## DIRECTIONS FOR THIS TASK
When you reach the line containing "今日记录,继续格局航天科技,天奥电子,上海瀚讯,延江股份继续停牌,期待花开。", begin reproducing the material exactly, stop after the line containing "Lajme 6% të", and leave out any pictures along the way.

## RECORDS TO PROCESS
★ ★ ★ ★

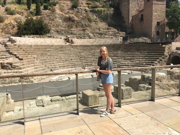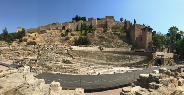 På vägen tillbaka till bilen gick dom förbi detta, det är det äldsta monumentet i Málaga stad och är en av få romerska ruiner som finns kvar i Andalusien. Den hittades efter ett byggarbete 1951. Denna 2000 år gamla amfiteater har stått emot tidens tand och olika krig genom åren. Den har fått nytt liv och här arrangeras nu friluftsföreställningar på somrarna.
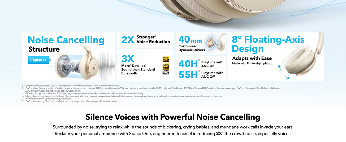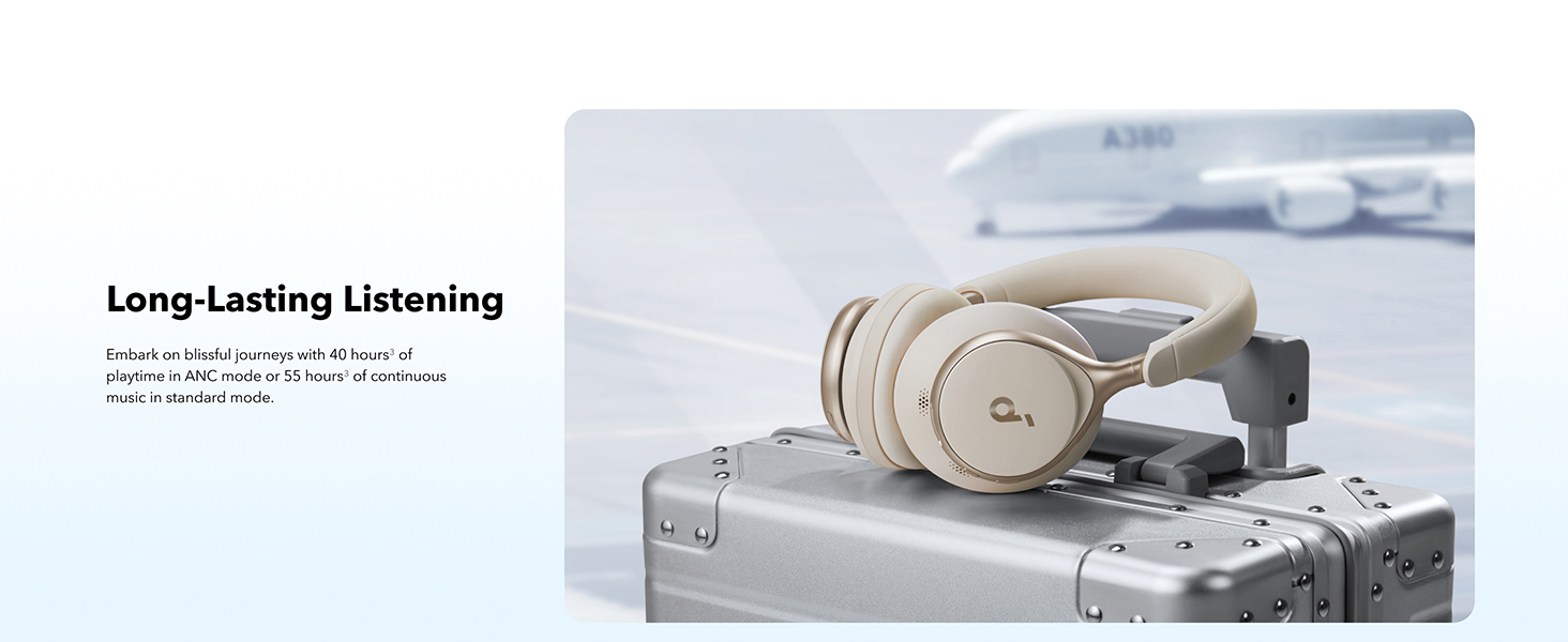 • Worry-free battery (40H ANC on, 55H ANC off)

★ ★ ★ ★

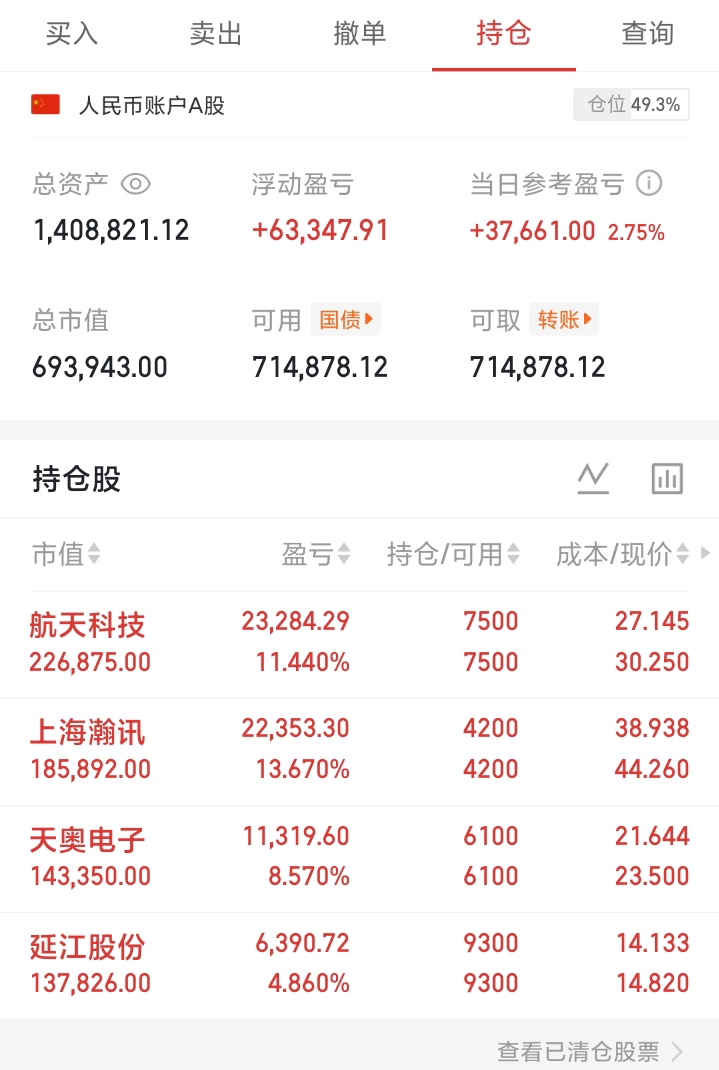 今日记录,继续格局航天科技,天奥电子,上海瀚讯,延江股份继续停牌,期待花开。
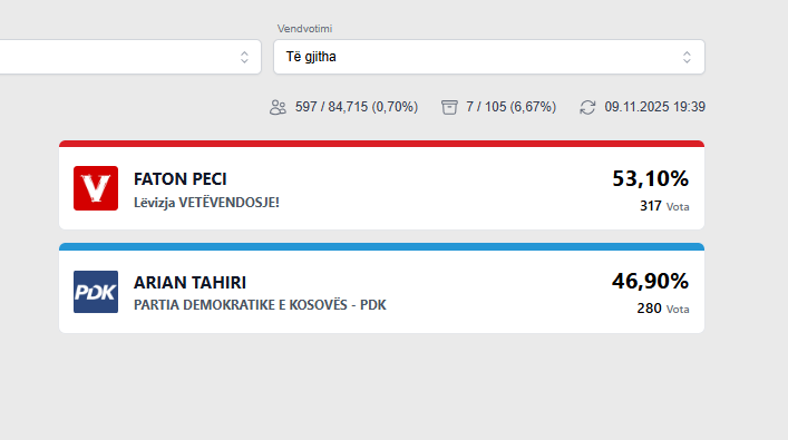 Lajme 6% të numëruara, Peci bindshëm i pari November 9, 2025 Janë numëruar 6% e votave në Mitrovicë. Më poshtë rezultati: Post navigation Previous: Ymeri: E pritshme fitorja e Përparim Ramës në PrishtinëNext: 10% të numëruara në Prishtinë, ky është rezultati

★ ★ ★ ★

## WRITTEN RESPONSE
 今日记录,继续格局航天科技,天奥电子,上海瀚讯,延江股份继续停牌,期待花开。
 Lajme 6% të numëruara, Peci bindshëm i pari November 9, 2025 Janë numëruar 6% e votave në Mitrovicë. Më poshtë rezultati: Post navigation Previous: Ymeri: E pritshme fitorja e Përparim Ramës në PrishtinëNext: 10% të numëruara në Prishtinë, ky është rezultati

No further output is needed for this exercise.